Unter dem Titel «Musig vo hienache u zäntume» begeisterte die bekannte Organistin Annerös Hulliger am Samstag zahlreiche BesucherInnen in der Kapelle Kiental. Mit einem bunten, wohlklingenden Konzert ehrte sie die vor 25 Jahren restaurierte Hausorgel der ...
Unter dem Titel «Musig vo hienache u zäntume» begeisterte die bekannte Organistin Annerös Hulliger am Samstag zahlreiche BesucherInnen in der Kapelle Kiental. Mit einem bunten, wohlklingenden Konzert ehrte sie die vor 25 Jahren restaurierte Hausorgel der Kapelle.
In seiner Begrüssung zeigte sich Urs Gilgien von der Kirchgemeinde Reichenbach erfreut über die «Perle». Damit meinte er die Kapelle, aber besonders die Orgel, die mit diesem Konzert in den Mittelpunkt gerückt wurde. «Es ist ein herrliches Instrument», schwärmte er.
Aus Kirschbaumholz gefertigt, reich mit Schnitzereien verziert und von erstaunlicher Klangvielfalt, sei sie ein echtes Schmuckstück. Dabei kam er auch ausführlich auf die Geschichte des Instruments zu sprechen.
Wie der «Frutigländer» berichtete, ist die Vergangenheit der Orgel speziell: Gebaut wurde die Kapelle 1919 – ohne Orgel.
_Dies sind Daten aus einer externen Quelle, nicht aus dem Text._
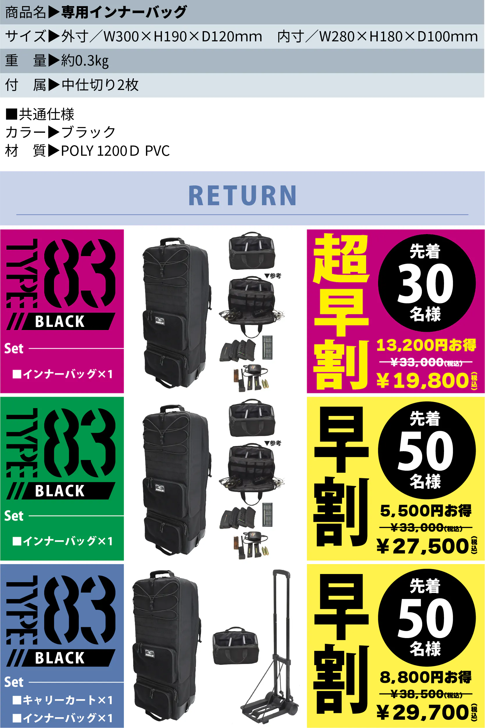 2025/09/30 12:49いよいよサバゲーシーズン到来ですね!ガンバッグType83を早期にお届けできるよう、本日、自社倉庫にて出荷準備を進めております。商品は今週末から来週初めにかけて順次お届けできる見込みでございます。なお、予約購入の受付は本日までとなっております。ぜひこの機会をお見逃しなきようお願い申し上げます。 もっと見る

Erst 1951 erhielt sie das heutige Instrument, das ursprünglich bereits 1802 vom Orgelbauer Johann Jakob Weber geschaffen worden war und erst auf Umwegen ins Kiental gelangte.
Ab 1998 wurde die Orgel unter anderem auch mit fachkundiger Kenntnis von Annerös Hulliger – ausgewiesene Kennerin der bernischen Hausorgeln – aufwändig revidiert und in ihren annähernd ursprünglichen Zustand zurückgeführt.
Phantastische Klangvielfalt
Ihr sorgfältig auf die Hausorgel abgestimmtes Programm erwies sich als überaus abwechslungsreich. So leitete sie die Fiori musicali – musikalische Blumen aus Italien – mit spannenden Einblicken in das Leben der Komponisten Gentili, Pasquali und Scarlatti ein. Während des gesamten Konzerts war hörbar, mit welcher Begeisterung Hulliger die Klangvielfalt der Orgel zur Geltung brachte und aus dem Vollen schöpfen konnte.
Auch ihre Erklärungen – mit viel Humor und fundiertem Wissen der musik- und kulturgeschichtlichen Zusammenhänge – brachten das Publikum zum Schmunzeln. Nach den italienischen Werken folgten unterschiedlichste Stücke aus der Schweiz.
Annerös Hulliger interpretierte unter anderem eine Komposition eines Berner Münsterorganisten aus dem 18. Jahrhundert sowie ein Stück aus den «Clavierheften der Sophie von Frisching» aus dem Nachlass der bekannten Madame de Meuron. Besondere Nähe zum Publikum entstand, als die Zuhörenden bei zwei Werken – einem Stück aus Graubünden und Hulligers eigenen Skizzen zum bekannten Guggisbergerlied –zum Mitsingen eingeladen waren.
Amüsanter Ton
Mit Tanzliedern aus dem 19. Jahrhundert, einem Hopser und einer Sauteuse, fand das Konzert seinen fulminanten Abschluss. Für Heiterkeit sorgte die aussergewöhnliche Zugabe: Gemeinsam mit Urs Gilgien präsentierte Annerös Hulliger ein vierhändiges Stück – wobei ihr Mitspieler lediglich einen einzigen Ton beisteuern musste.
Mit diesem Konzert machte Hulliger eindrücklich deutlich, welch wunderbare und vielseitige Musik auf einer Hausorgel wie jener in der Kapelle Kiental möglich ist.
MARTIN WENGER
ZUR PERSON
Aufgewachsen im emmentalischen Dürrenroth, fand Annerös Hulliger früh zur Musik – am Klavier im elterlichen Gasthof und an der Orgel in der Dorfkirche.
Nach ihrer Tätigkeit als Lehrerin absolvierte sie das Lehr- und Konzertdiplom und wirkt seit vielen Jahren als Konzertorganistin und Kursdozentin. Sie ist eine ausgewiesene Kennerin von bernischen Hausorgeln und pflegt ein Repertoire, das Musik abseits der üblichen Pfade bereithält. Heute ist sie unter anderem als Kirchenorganistin in Bolligen und Amsoldingen tätig.